Top of DATA EXTRACT

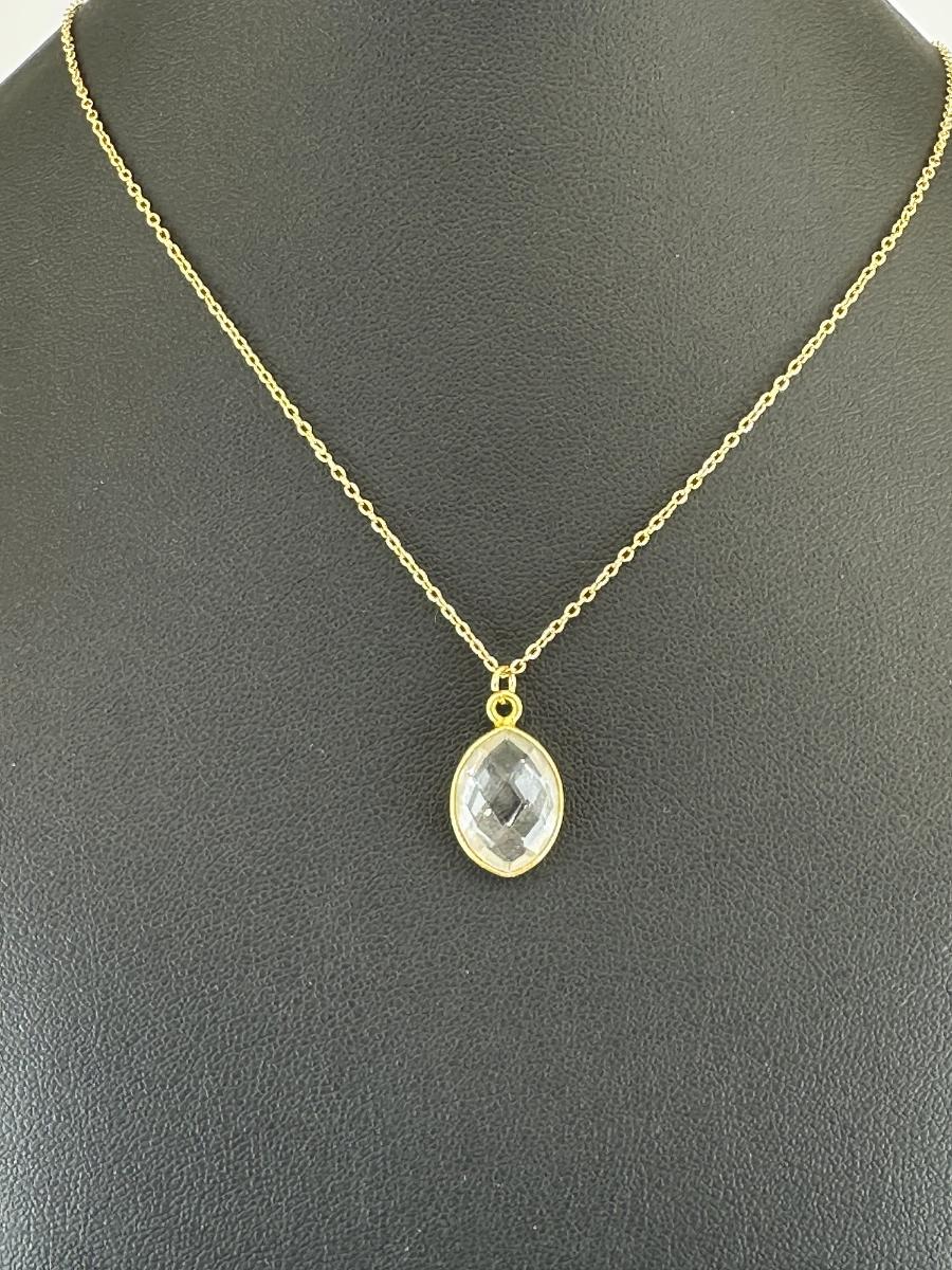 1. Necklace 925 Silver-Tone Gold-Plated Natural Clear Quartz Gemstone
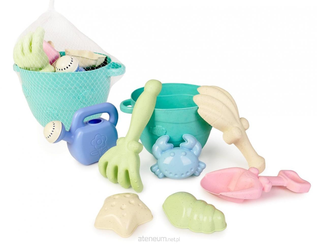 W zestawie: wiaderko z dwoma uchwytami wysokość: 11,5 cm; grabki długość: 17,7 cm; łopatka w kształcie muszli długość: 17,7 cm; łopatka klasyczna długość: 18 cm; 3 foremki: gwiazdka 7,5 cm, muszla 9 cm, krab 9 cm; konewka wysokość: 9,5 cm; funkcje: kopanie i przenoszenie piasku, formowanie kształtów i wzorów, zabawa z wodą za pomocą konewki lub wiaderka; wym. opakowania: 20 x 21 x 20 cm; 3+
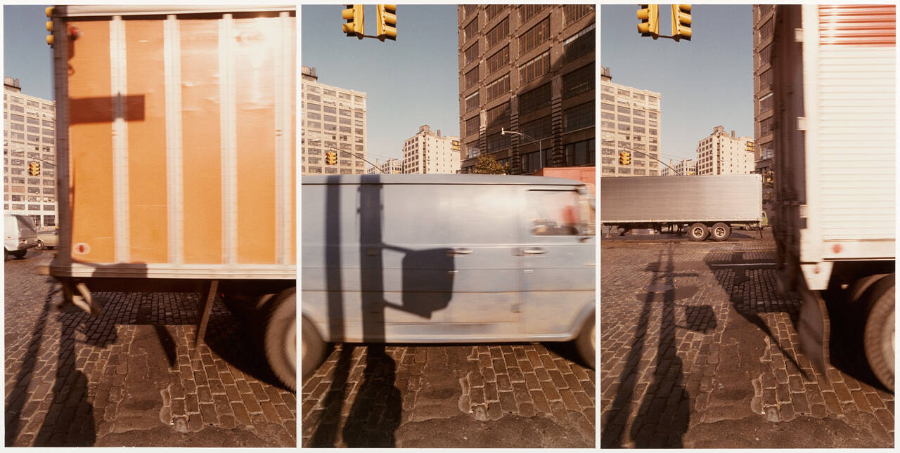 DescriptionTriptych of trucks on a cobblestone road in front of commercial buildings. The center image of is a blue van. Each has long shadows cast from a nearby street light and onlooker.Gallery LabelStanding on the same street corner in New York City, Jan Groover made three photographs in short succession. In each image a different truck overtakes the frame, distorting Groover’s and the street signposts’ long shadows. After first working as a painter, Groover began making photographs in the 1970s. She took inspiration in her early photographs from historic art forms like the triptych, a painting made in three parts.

Bottom of DATA EXTRACT

● **WORK TO COMPLETE**: Restate all of the material word for word. Keep out every picture.

● **FINISHED EXERCISE**:
 1. Necklace 925 Silver-Tone Gold-Plated Natural Clear Quartz Gemstone
 W zestawie: wiaderko z dwoma uchwytami wysokość: 11,5 cm; grabki długość: 17,7 cm; łopatka w kształcie muszli długość: 17,7 cm; łopatka klasyczna długość: 18 cm; 3 foremki: gwiazdka 7,5 cm, muszla 9 cm, krab 9 cm; konewka wysokość: 9,5 cm; funkcje: kopanie i przenoszenie piasku, formowanie kształtów i wzorów, zabawa z wodą za pomocą konewki lub wiaderka; wym. opakowania: 20 x 21 x 20 cm; 3+
 DescriptionTriptych of trucks on a cobblestone road in front of commercial buildings. The center image of is a blue van. Each has long shadows cast from a nearby street light and onlooker.Gallery LabelStanding on the same street corner in New York City, Jan Groover made three photographs in short succession. In each image a different truck overtakes the frame, distorting Groover’s and the street signposts’ long shadows. After first working as a painter, Groover began making photographs in the 1970s. She took inspiration in her early photographs from historic art forms like the triptych, a painting made in three parts.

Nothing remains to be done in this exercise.